Но чтобы их демонов вмещать, надо иметь сердце всевместимое, богородичное.

Что досталось в наследство от ветхой “маминой” любви? Страхи, страхи... комплексы, неврозы - весь это букет. И ничего больше.

Нашпигован страхами с головы до ног. Ксенофобия, агорафобия, страх замкнутого пространства. Чужие, сквозные, пробойные, пролётные страхи, на десятков километров куда-то в глубину, в бездонные колодцы тьмы, - и желание обогрева.

А что есть страх? Он делает невольным колдуном, побуждает врачевать раны колдовским флюидом, источаемым из полового центра. Страшно страх Богу открыть. Ищешь врачевства от лукавого. На сем и стоишь, колдун. Если Бога нет, то тело сплошь из страхов и неврозов. И ничто так не ценишь, как поганое зелье - Белладонну, блудом врачующую раны.

Во что одета Белладонна? - еврокультура, “красная дама”, от сатаны. Белла - донна. Продажная страна и неблагородные души. Подставляем друг друга под удар с их согласия умереть. Ну и что, посмотрю, как ближнего колошматят дубинками.

Откуда нам брать благородство? От кого мы родом? Просто от рефаимов. Наиболее слабые из них давно полегли в матушку землю... Мы от рефаимов наихудшего рода: конформистов, подленьких, продажных, зудевшим нам на ухо с детства: “Ты сиди на кухне, философ и рассуждай. Молчи там в тряпочку и будь себе на уме”

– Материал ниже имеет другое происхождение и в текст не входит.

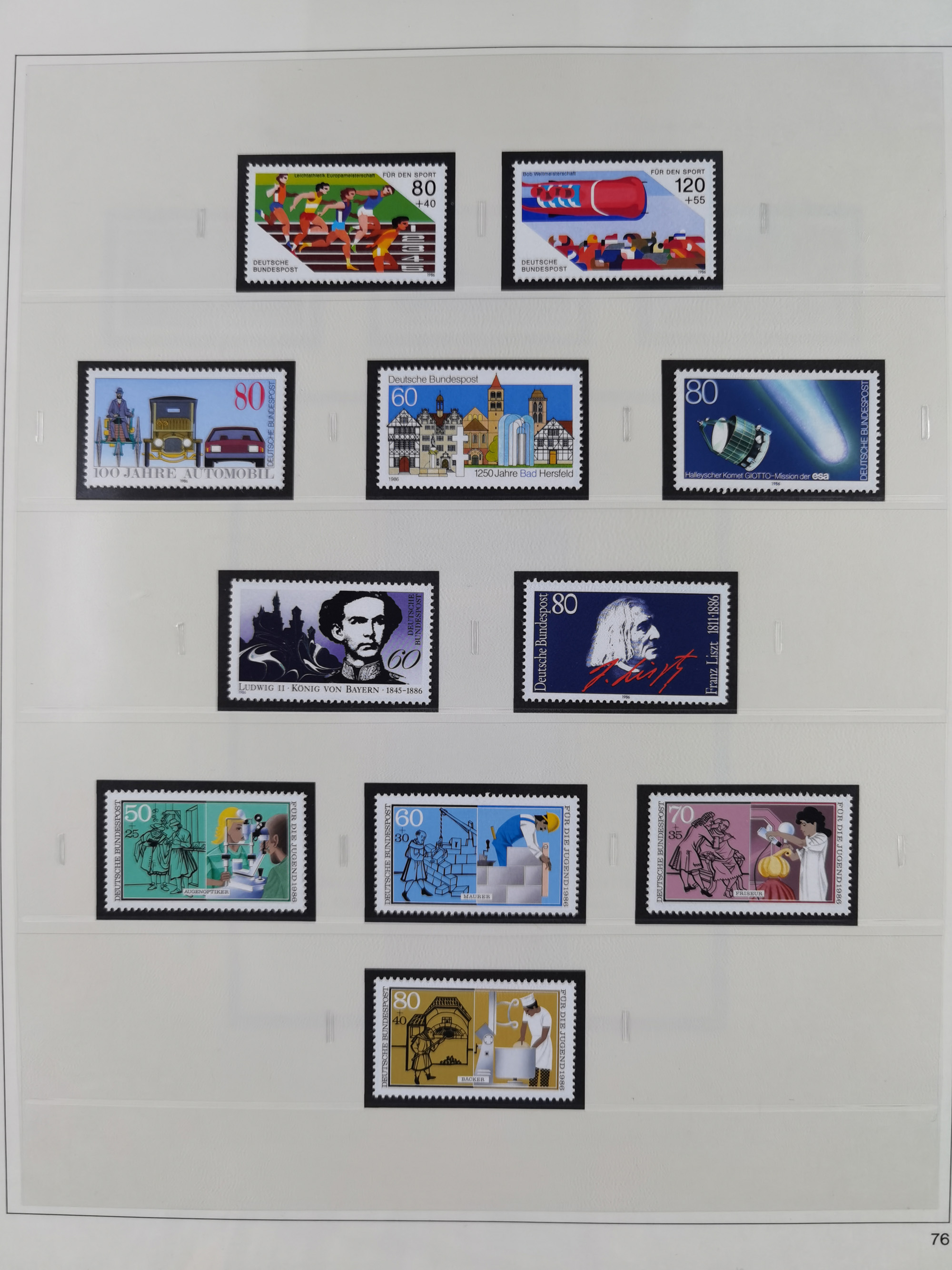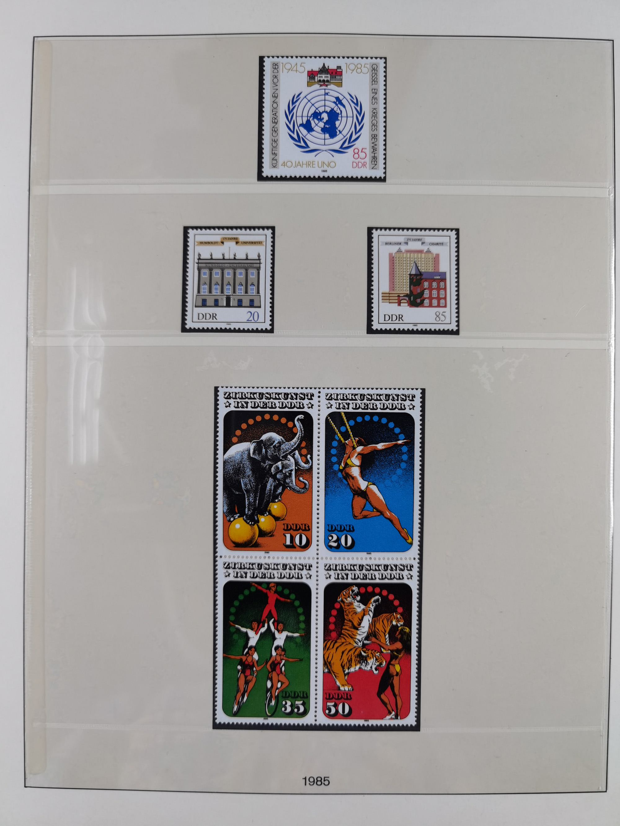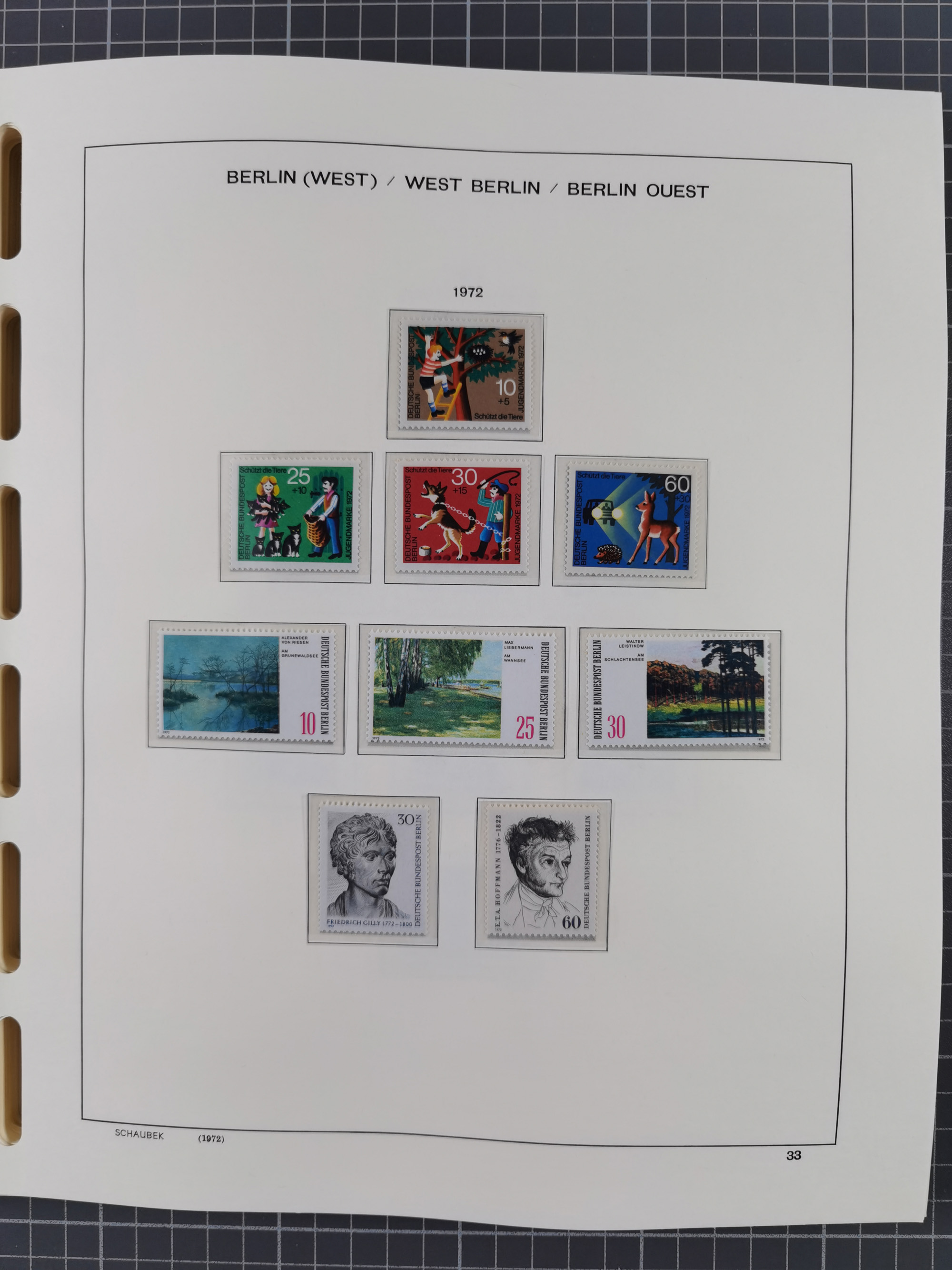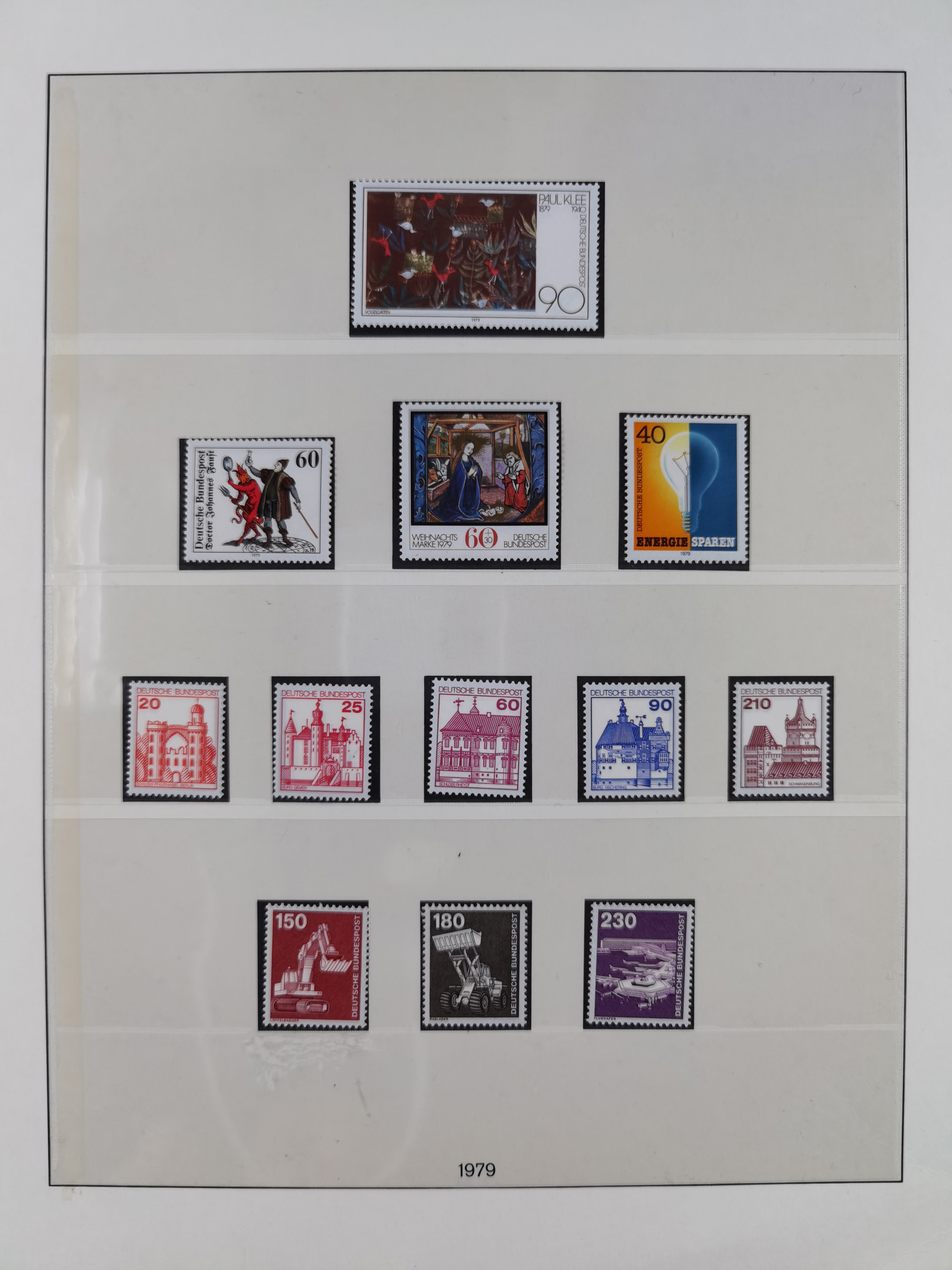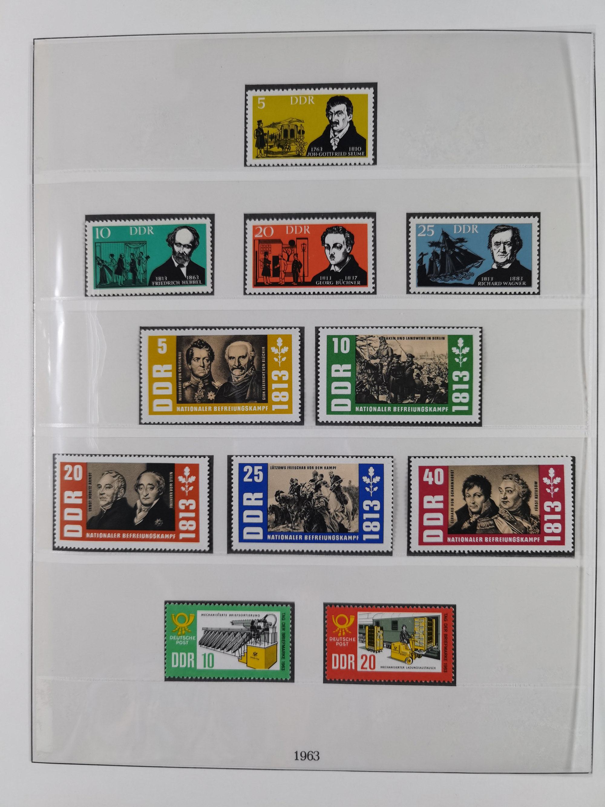 1948/90, in den Hauptnummern bis 1960 komplette postfrische Sammlungen Berlin 1948-90 inkl. Schwarzaufdruck, Rotaufdruck sign. Dub und Block 1, Bundesrepublik 1949-72 inkl. Posthornsatz, sowie DDR 1949-71 inkl. ausgiebigen Teilen Zusammendrucke, es fehlen bei den späten modernen Ausgaben teils einzelne Werte oder Sätze, gute Erhaltung, Alben mit Lagerspuren, in 11 Vordruckalben

За гробом не будет ни магнитофона, ни ТВ. Мысль о реальности смерти будет всё более близка с течением лет. Уже рядом с нами ходят новомученики души, и Усыпальница надмирная простерта где-то совсем рядом, запечатлена в сердце. Ну что ты, брат? Мне совсем не жаль себя. Я не боюсь смерти. Я принадлежу к поколению неоднократно переживших её.

Святой Луи де Монфор с фотографии смотрит...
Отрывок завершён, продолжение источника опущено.